Aug 28, 2011 at 15:42

Congratulations to the author, this essay has just proven that the current banking system is corrupt and WAS designed to do exactly what it has done, given an ILLUSION of prosperity while stealing the savings of workers.

Quote: "What if inflation isn’t a mistake, but a policy?" Indeed it is, it was "baked in the cake" when the Federal Reserve Act was enacted in the U.S. in 1913 removing money creation and regulation from the people's representatives to private bankers. This "mother of all Ponzi schemes" has allowed a few elites to benefit from the labour of millions and has now become entrenched in all the countries of the world employing a fractional reserve Central banking system.

Quote: "The only time inflation helps pay off a mortgage is when earnings are keeping pace with prices. They’re not." Exactly right, and WHY? Because the fiat currency system is a recipe for perpetual debt. Since ONLY the principal of a loan is ever created, it necessarily follows mathematically that the only way interest can be paid is if there are an exponentially increasing number of NEW and BIGGER loans being contracted to BORROW our currency supply into existence, all the while INTEREST accumulates as DEBT, which just keeps getting rolled over so no final settlement is possible.

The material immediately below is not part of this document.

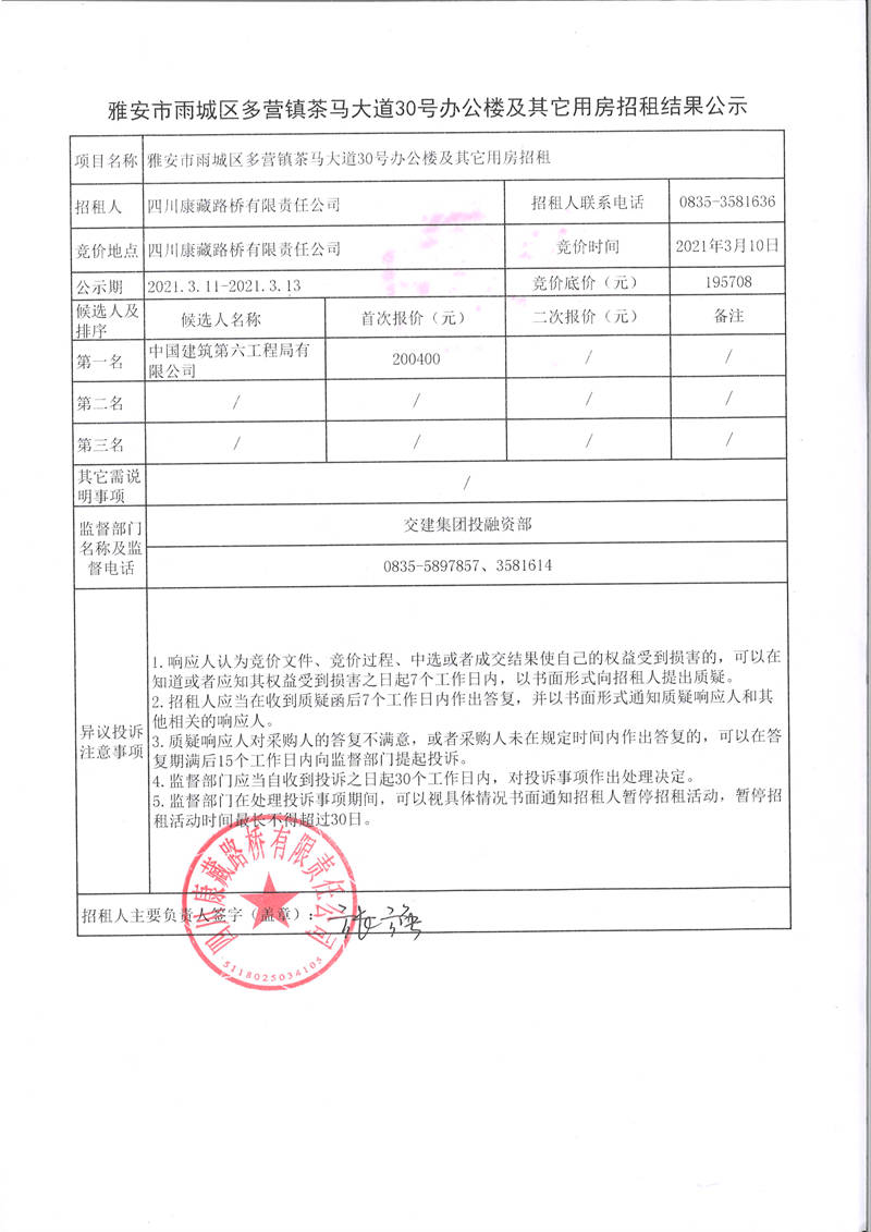 四川康藏路橋有限責任公司雅安市雨城區(qū)多營鎮(zhèn)茶馬大道30號辦公樓及其它用房招租結(jié)果公示

If you doubt that, consider the honest sworn testimony of a Canadian Central Banker from 1939 before Parliament; Graham Towers then Bank of Canada Governor stated quite accurately that "every bank loan is a new creation of money, and when it is paid back it ceases to exist" and when you understand that in its deepest implications, then the "financial mess" the whole world, but particularly Europe and the U.S. where the system has been entrenched the longest, ceases to be a mystery.

It is all simple mathematics, cleverly designed to enslave the world for the benefit of an elite few banking families.